Co-pyrolysis of Hami coal and mixed plastic: An interaction between primary volatiles study via in-situ Py-TOF-MS

Abstract

Online detection of pyrolysis volatiles is essential for exploring the mechanism of coal and plastics co-pyrolysis. In-situ pyrolysis time-of-flight mass spectrometry (Py-TOF-MS) equipped with double ionization sources, vacuum ultraviolet photoionization (VUVPI) and electron ionization (EI), was used to analyze the release of primary volatiles during the pyrolysis and co-pyrolysis of Hami coal (HM) with mixed plastic (PP/LDPE and PP/LDPE/PS, with ratios of 3:2 and 12:8:1, respectively). Meanwhile, the interaction mechanism was discussed at the molecular level. According to the thermogravimetric (TG) results and the total ion currents (TIC) of primary volatiles with temperature, the inclusion of plastic shortens the overall reaction time. In-situ Py-TOF-MS results indicate that the volatiles produced from HM pyrolysis at lower temperatures induce the decomposition of PP and promote further dehydrogenation of long-chain C–C. Besides, the addition of PP visibly facilitates the transportation of hydrogen, which reacts with phenoxy from HM pyrolysis to produce diphenol.
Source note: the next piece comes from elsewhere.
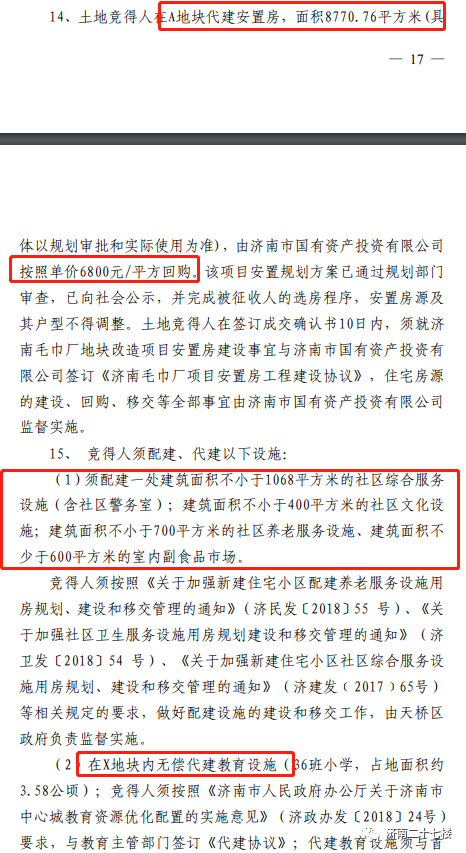 △土地竞得人在A地块代建安置房,面积8770.76平方米(具体以规划审批和实际使用为准),由济南市国有资产投资有限公司按照单价6800元/平方回购。

The further addition of LDPE after PP enhances the inhibitory effect of molten plastic on HM pyrolysis, resulting in a decrease in the content of diphenol, such as benzenediol (from 1.34% to 0.71%), methyl-benzenediol (from 1.12% to 0.68%) and dimethyl benzenediol/ethyl benzenediol (from 0.68% to 0.50%). The co-pyrolysis of HM with PP/LDPE/PS generates more aromatic products compared to that of theoretical value, such as styrene (from 0.29% to 3.16%), 1-ethenyl-3-methyl benzene (from 0.07% to 0.31%) and 1-butene-2,4-diphenyl (from 0.19% to 0.65%). This indicates that co-pyrolysis strengthens the breakage of Car-Cβ bond in the PS backbone. The addition of PS to the mixture plastic also promotes intramolecular and intermolecular hydrogen transfer in the system. For the evolution of inorganic gases, the addition of mixed plastics promotes the decomposition of aliphatic and aromatic carboxylic acids in coal at lower temperatures, resulting in a decrease in CO2.